(Beginning of DATA PROVIDED)

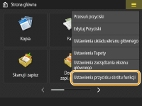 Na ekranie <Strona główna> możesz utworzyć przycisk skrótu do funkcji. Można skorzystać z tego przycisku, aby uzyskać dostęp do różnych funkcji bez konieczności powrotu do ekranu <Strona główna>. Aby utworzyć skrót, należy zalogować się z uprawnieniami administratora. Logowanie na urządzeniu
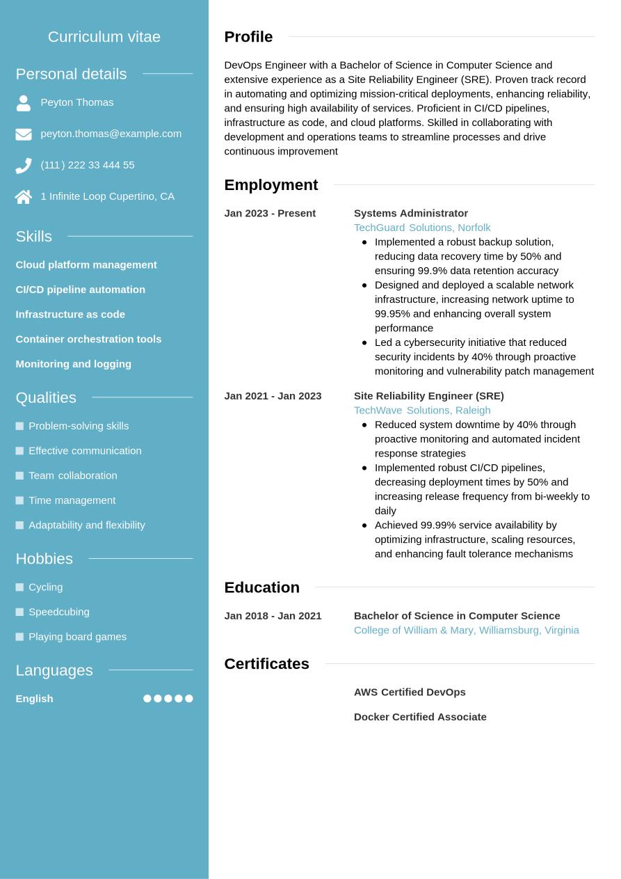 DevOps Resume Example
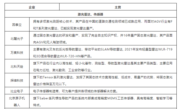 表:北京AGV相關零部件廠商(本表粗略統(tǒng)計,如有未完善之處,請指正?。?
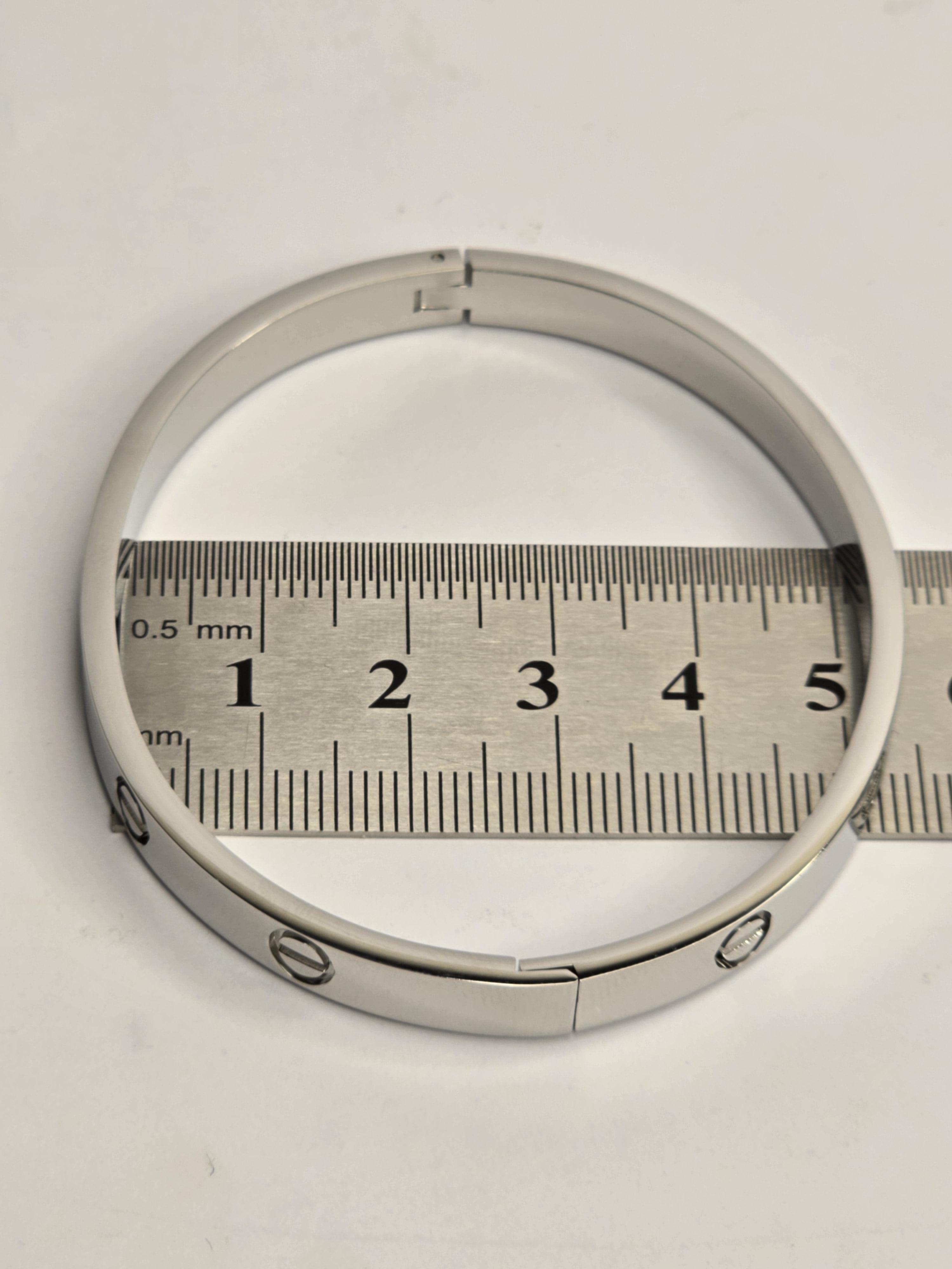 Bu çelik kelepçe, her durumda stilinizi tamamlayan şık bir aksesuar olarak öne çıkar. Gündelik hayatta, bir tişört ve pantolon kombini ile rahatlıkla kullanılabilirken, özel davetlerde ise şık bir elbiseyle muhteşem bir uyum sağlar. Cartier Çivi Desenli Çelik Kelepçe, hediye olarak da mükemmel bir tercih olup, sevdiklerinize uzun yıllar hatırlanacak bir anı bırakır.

(End of DATA PROVIDED)
(Beginning of DATA PROVIDED)

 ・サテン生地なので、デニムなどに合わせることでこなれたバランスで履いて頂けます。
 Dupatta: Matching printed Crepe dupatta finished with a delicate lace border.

(End of DATA PROVIDED)
(Beginning of DATA PROVIDED)

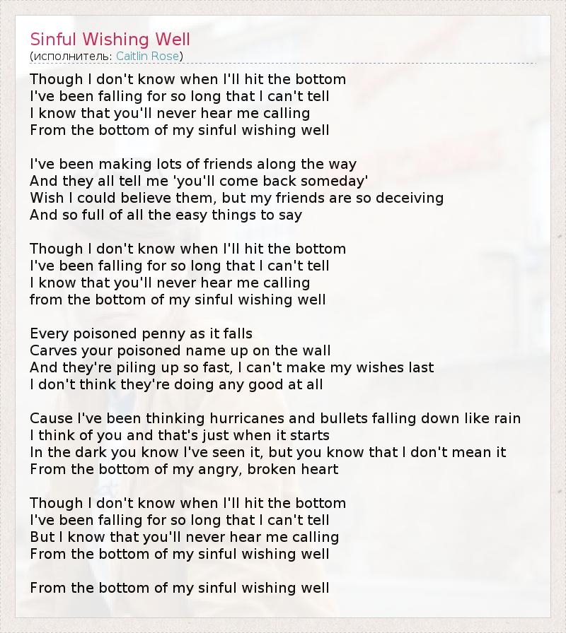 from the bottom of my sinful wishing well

(End of DATA PROVIDED)

*TASK INSTRUCTIONS*: In the listing above, find the line with "Na ekranie <Strona" and the line with "表:北京AGV相關零部件廠商". Set down both and every line between them, minus the pictures.

*ANSWER FOR THE TASK*:
 Na ekranie <Strona główna> możesz utworzyć przycisk skrótu do funkcji. Można skorzystać z tego przycisku, aby uzyskać dostęp do różnych funkcji bez konieczności powrotu do ekranu <Strona główna>. Aby utworzyć skrót, należy zalogować się z uprawnieniami administratora. Logowanie na urządzeniu
 DevOps Resume Example
 表:北京AGV相關零部件廠商(本表粗略統(tǒng)計,如有未完善之處,請指正?。?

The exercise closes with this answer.